Oil prices have been cut in half.
All thanks in large part to oversupply, trade war fears, and a stronger dollar.
However, according to Goldman Sachs, oil prices could swing higher.
“Core-OPEC producers are adopting a shock and awe strategy, and exceeding their cut commitment,” says Goldman Sachs, as quoted by Bloomberg. “Disruptions have increased with risks that Venezuela’s production decline accelerates following the introduction of additional U.S. sanctions related to the Venezuelan oil industry. U.S. producers are also so far guiding towards restrained shale production growth.”
In addition, Goldman Sachs also points to improvements in oil inventories.

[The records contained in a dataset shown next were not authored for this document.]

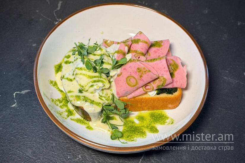 Яйце пашот, підсмажений бріош разом із тонкими слайсами ароматної мортаделли, припущеним шпинатом, кремовою страчателлою та соусом Дороблю.
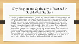 The document discusses the importance of religious and spiritual beliefs in social work education and practice according to a British study from 2003-2004. It found that while qualified social workers viewed spiritually sensitive interventions as appropriate, students were less likely to. Attitudes also varied by religion, with Muslim students and social workers more open to such interventions. The authors conclude there is a need for greater focus on the role of religious and spiritual beliefs in training, professional practice, and serving clients in the social work field. Social workers must be able to respond appropriately to the needs of all clients, including those for whom religion and spirituality are important.
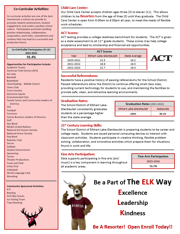 At Elkhart Lake-Glenbeulah schools, we pride ourselves in energizing the intellectual curiosity of our students. No matter the age, we get to really know our students and adapt to their individual needs. Students are tasked with activities tailored to stimulate both their minds and their bodies to continually achieve more. Our teacher-to-student ratio ensures we have the time with each child to inspire the confidence needed to exceed at almost every endeavor they're willing to try. And our entire staff encourages all of our students to try a number of different types of experiences: physical, social, and community-related.

For example, the American Petroleum Institute (API) just reported that inventories fell by 998,000 in the week ending February 8 2019, as compared to expectations for a build of at least 2.7 million barrels.
Another catalyst — Saudi Arabia Energy Minister Khalid al-Falih said production would fall below 10 million bpd in March 2019. That’s 500,000 bpd below initial targets.
Stocks to Watch on Oil Recovery
Should we see further progress, we believe oil could push back to $77 – which could fuel a sizable rally in aggressively oversold oil names. You may want to consider Marathon Oil (MRO), Laredo Petroleum (LPI), Exxon Mobil (XOM), Devon Energy (DVN), Chevron (CVX).
As for small-cap oil opportunities, keep an eye on Laredo Petroleum (LPI), for example.
With solid fundamental growth and a growing position in the Permian Basin, we believe Laredo Petroleum could see higher prices and become a potential acquisition target. In our opinion, LPI is in a great position to do well with exposure to the U.S. oil production boom with an established position in one of the hottest U.S basins.